Grendel

GARDNER John

Article publié le lundi 21 février 2011 par Philémont

Quatrième de couverture

« Le Grendel de John Gardner est à la saga de Beowulf ce que l’Ulysse de James Joyce est à L’Odyssée d’Homère. Dans les deux cas, il s’agit d’une complète trahison. Cette violence faite au texte original n’est rendue possible que par une claire compréhension de l’œuvre, et se justifie par un impératif supérieur, celui de la création littéraire. Chez John Gardner, l’acte de réécriture se double d’une dette jamais acquittée à l’égard de son frère dont il est le meurtrier. » Xavier Mauméjean, extrait de la postface

Grendel, qui narre l’épopée de Beowulf du point de vue du monstre, s’est imposé en moins de quarante ans comme un des grands classiques de la fantasy anglo-saxonne. Court, brutal, d’un humour ravageur, ce conte philosophique frappe le lecteur avec la force d’une comète, dans l’éblouissement.

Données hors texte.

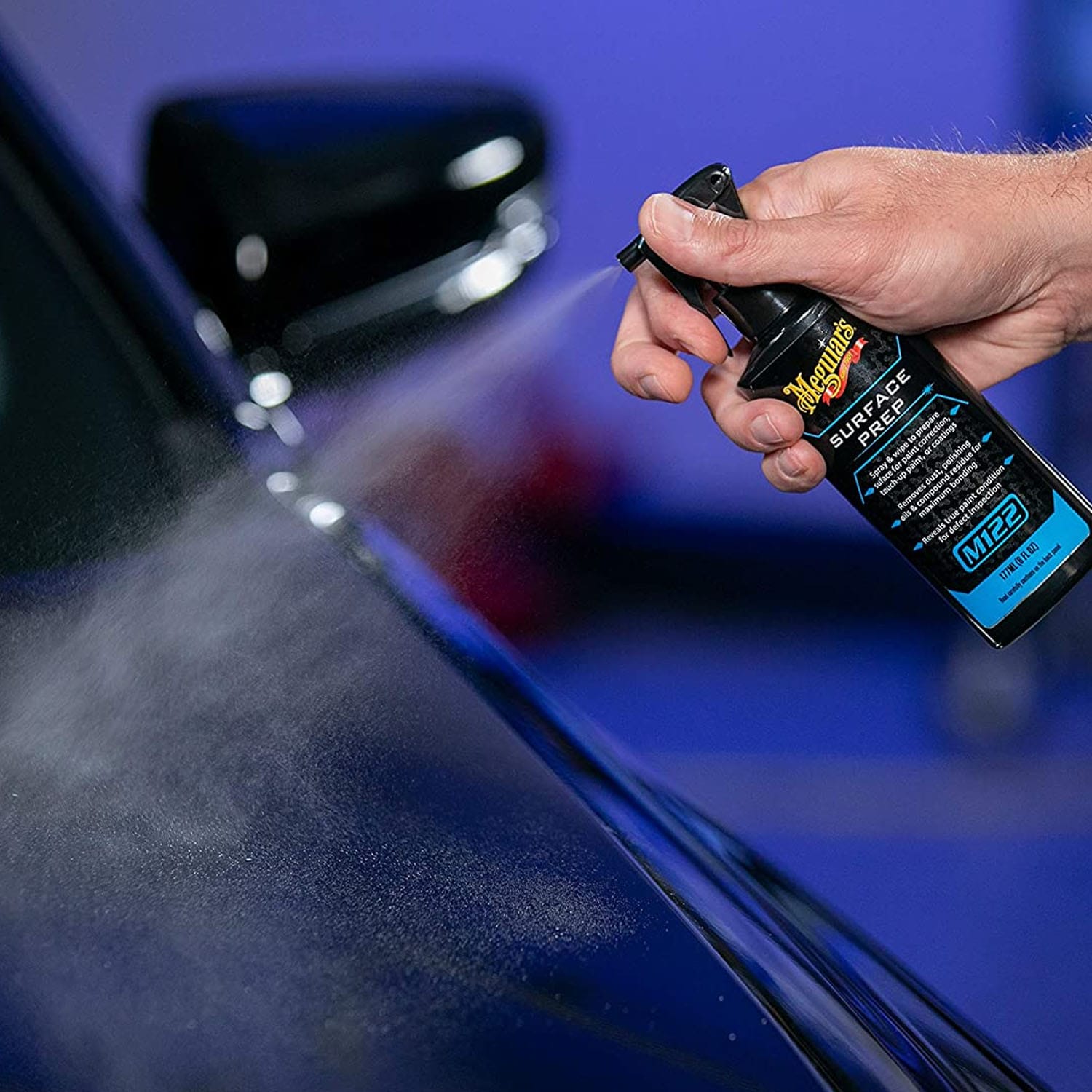 Pasul 1 – Degresarea: Pulverizați Meguiar’s Surface Prep direct pe vopsea. Ștergeți imediat cu o lavetă din microfibră pentru a îndepărta complet orice urmă de grăsime sau praf. Lucrați panou cu panou.

En 1945, alors âgé de douze ans, John Gardner écrase son frère avec un engin agricole, un accident qui le hantera toute sa vie. Brillant universitaire spécialiste de la littérature médiévale, critique acerbe, professeur d’écriture, traducteur, il se tue en mort en 1982, laissant derrière lui une oeuvre bouleversante, inclassable.

L’avis de Philémont

Beowulf est un poème épique considéré comme l’un des plus vieux témoignages de la littérature anglo-saxonne. L’époque de sa composition reste toutefois imprécise puisque datée entre le VIIème siècle et la fin du premier millénaire selon les sources. Écrit à destination d’un public de lettrés chrétiens, il s’inspire toutefois de la tradition orale anglo-saxonne et met en scène un puissant guerrier goth, qui donne son nom au poème, lequel est doté de bon nombre de vertus chrétiennes (fidélité, courage, sens de l’honneur, etc.). Le poème s’articule autour de trois combats de Beowulf, le premier d’entre eux étant celui qu’il mène contre Grendel, un monstre qui, chaque nuit depuis douze ans, dévore un guerrier du roi du Danemark, Hrothgar. Quand Beowulf fait étape dans sa cour il se porte volontaire pour tuer le monstre et n’y parvient qu’indirectement puisque Grendel ne meurt de sa blessure qu’après avoir fui dans le marécage qu’il occupe.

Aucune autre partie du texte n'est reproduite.